Уж тут даже не знаю, как и говорить, – задумывалась няня, разводя руками, – разно толковали люди и всех не переслушаешь: то ли с сердцов у барина печенка лопнула, с обиды ль да с гордости сердце не выдержало, то ли сам на себя он руки наложил, а только конец ему пришел, стал он все пить да по ночам кричать – все ему Сашенька покойный представлялся, – и вскоре нашли его в кровати у себя мертвым.
Вот какие страшные дела на деревне у нас были и каких ужасов понатерпелись люди от старого барина, Дмитрия Александровича. Бывало, маменька моя, царство ей небесное, ночью вскочит, вся дрожит, потом обливается – барин ей приснился. Они оттого молодые и померли, что такими страстями надышались, а иначе чего им не жить? Как с детьми приехали в Петербург, так Дарья Германовна их к себе взяла, а уж характер старой барыни всем известен: андел по доброте.
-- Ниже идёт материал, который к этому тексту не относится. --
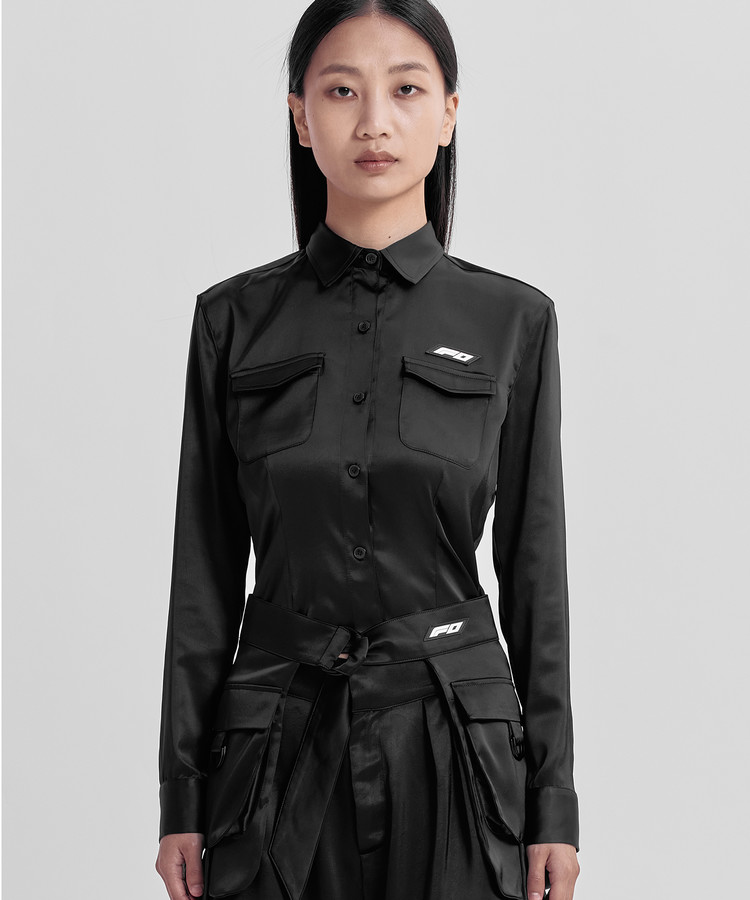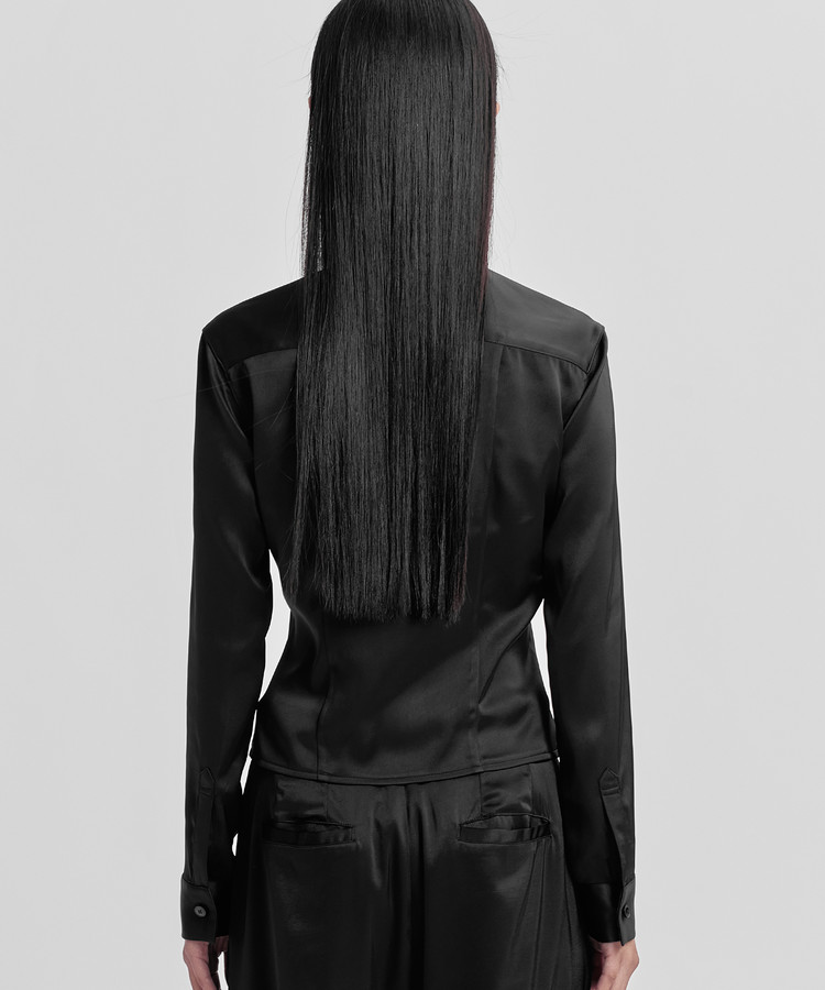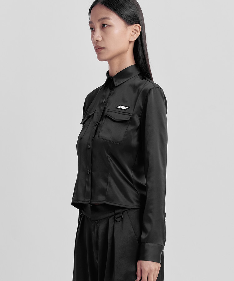 찰랑거리는 사틴원단으로 부드러움과 고급스러운 분위기의 크롭 셔츠입니다.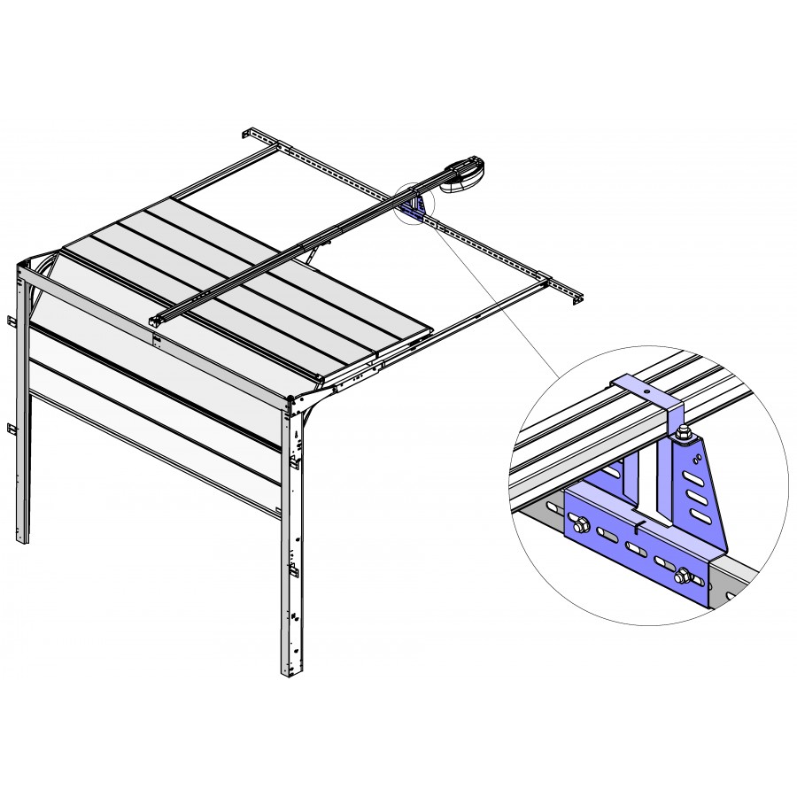 Garage door motor bracket to be placed on the spacer crossbar at the back of the door tracks (crossbar not supplied)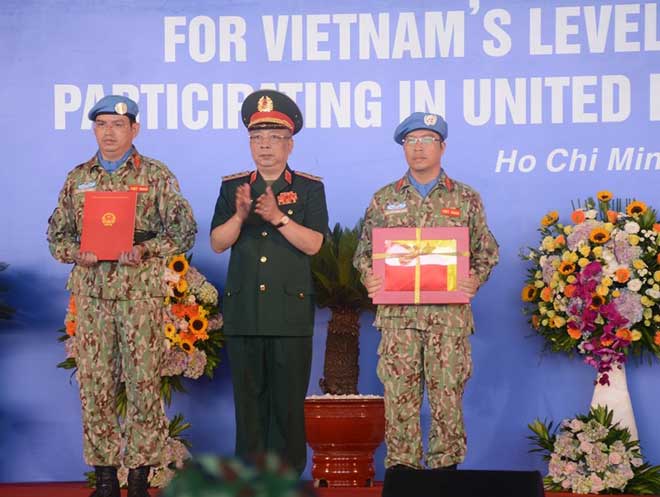 Đại diện BVDCC 2.1 nhận quyết định của Chủ tịch nước cử tham gia hoạt động gìn giữ hòa bình tại Phái bộ Nam Sudan do Thượng tướng Nguyễn Chí Vịnh trao. Ảnh: HL

А теперь вон и барыню Надежду Дмитриевну вырастили, замуж отдали, да дочь ее, моя барышня ненаглядная, у меня на руках. Уж и я мужа схоронила, свою дочку Софью вырастила. Время-то не лежит, а вперед бежит, а только хоть и девчонкой я деревню покинула, все-таки скажу – хорошо там: река, лес, опять по зорям пастух играет, ой, как хорошо!
* * *
…Так ли, теми ли самыми словами рассказывала моя няня – не знаю! Но так, именно так, в этих самых выражениях, с этими жестами, в ясной до мельчайших подробностей обстановке кухни запечатлелись рассказы няни в моей памяти. Теперь, на склоне моих лет, я ничего не сочиняю, ничего не придумываю; картина детства встает передо мною и слова льются, как подсказанные. Правда, рассказы эти повторялись при мне часто и в разное время, потому что жизнь моей няни (тогда крепостной), неотлучно связанная с моим детством, была, наверно, не богата собственными интересами, а потому память ее беспрестанно возвращалась к ярким и страшным картинам ее юности.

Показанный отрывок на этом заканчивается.